I am not bothered about private rooms I just want access to some private hospitals, I am not at this point worried about hip replacement procedures etc
The option of using a private hospital, semi private but am willing to pay an excess to bring down cost of premium.

What would be the best cover for me and cheapest! any advise much appreciated. Can't make out HIA website! 
Is there a cheaper alternative out there with another company or another plan within the VHI with similar cover that we might switch to.

I am hoping that someone has already waded through this stuff and can advise.
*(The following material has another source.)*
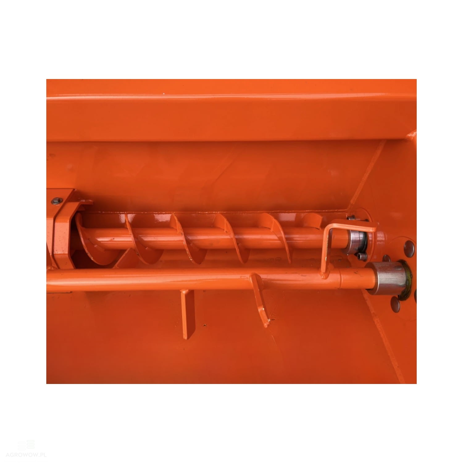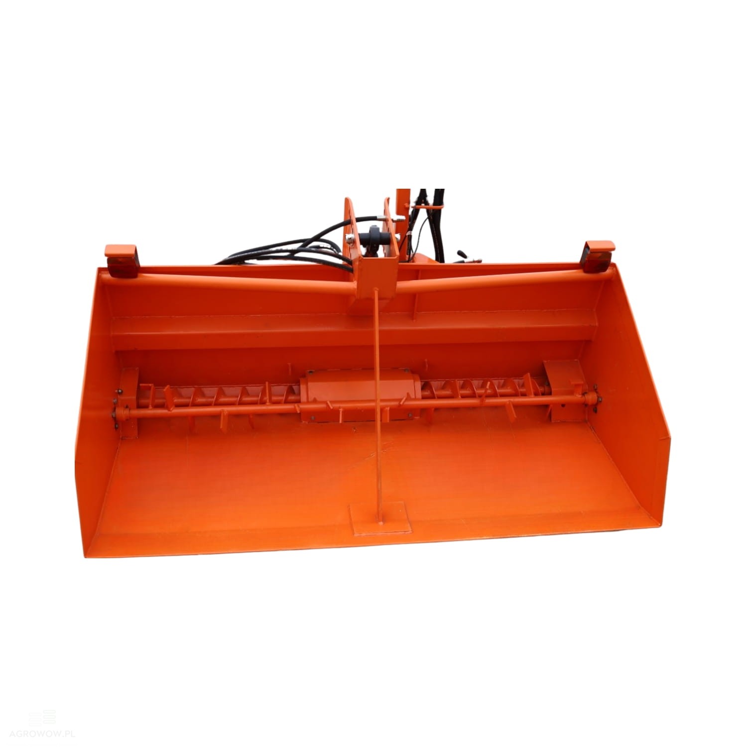 - Urządzenie wyposażone jest w kosz o pojemności 0,8 m³ i wysokości 700 mm, co przy szerokości transportowej 2300 mm zapewnia optymalny stosunek gabarytów do pojemności.
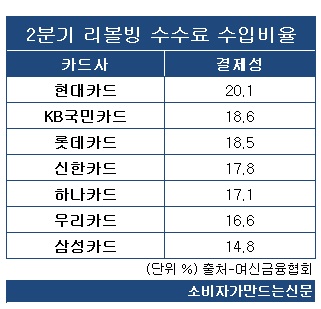 9일 여신금융협회 ‘분기별 수수료 등 수입비율’에 따르면 2분기 결제성 리볼빙 수입비율은 현대카드가 20.1%로 가장 높은 것으로 확인됐다.

If I could even knock 100 a year off my policy it would help so much. I feel bad about not having the kids on ours but we just can't stretch to it at the moment.


----------



## TableEnd (30 Jan 2013)

meant to add I am 31


----------



## snowyb (30 Jan 2013)

Hi Val Ally,

What is your renewal date?

Here are 4 alternative options to consider, one with each provider, they are the cheapest plans available which include private hospital cover.  All have a hospital excess.

Vhi alternative;
One Plan 250       Adult Price:  758pa   (Excess  250)

www.hia.ie/ci/comparison/step3?88&253/

Laya Healthcare;
Essential Connect Saver     Adult Price:  798pa  (Excess 250)

www.hia.ie/ci/comparison/step3?88&327/

Aviva:
Family Value      Adult Price:   834pa  (Excess 250)

www.hia.ie/ci/comparison/step3?88&289/

Glohealth:
Better Plan     Adult Price:   842pa (Excess 100)
Note children under 3 yrs of age are free with this plan.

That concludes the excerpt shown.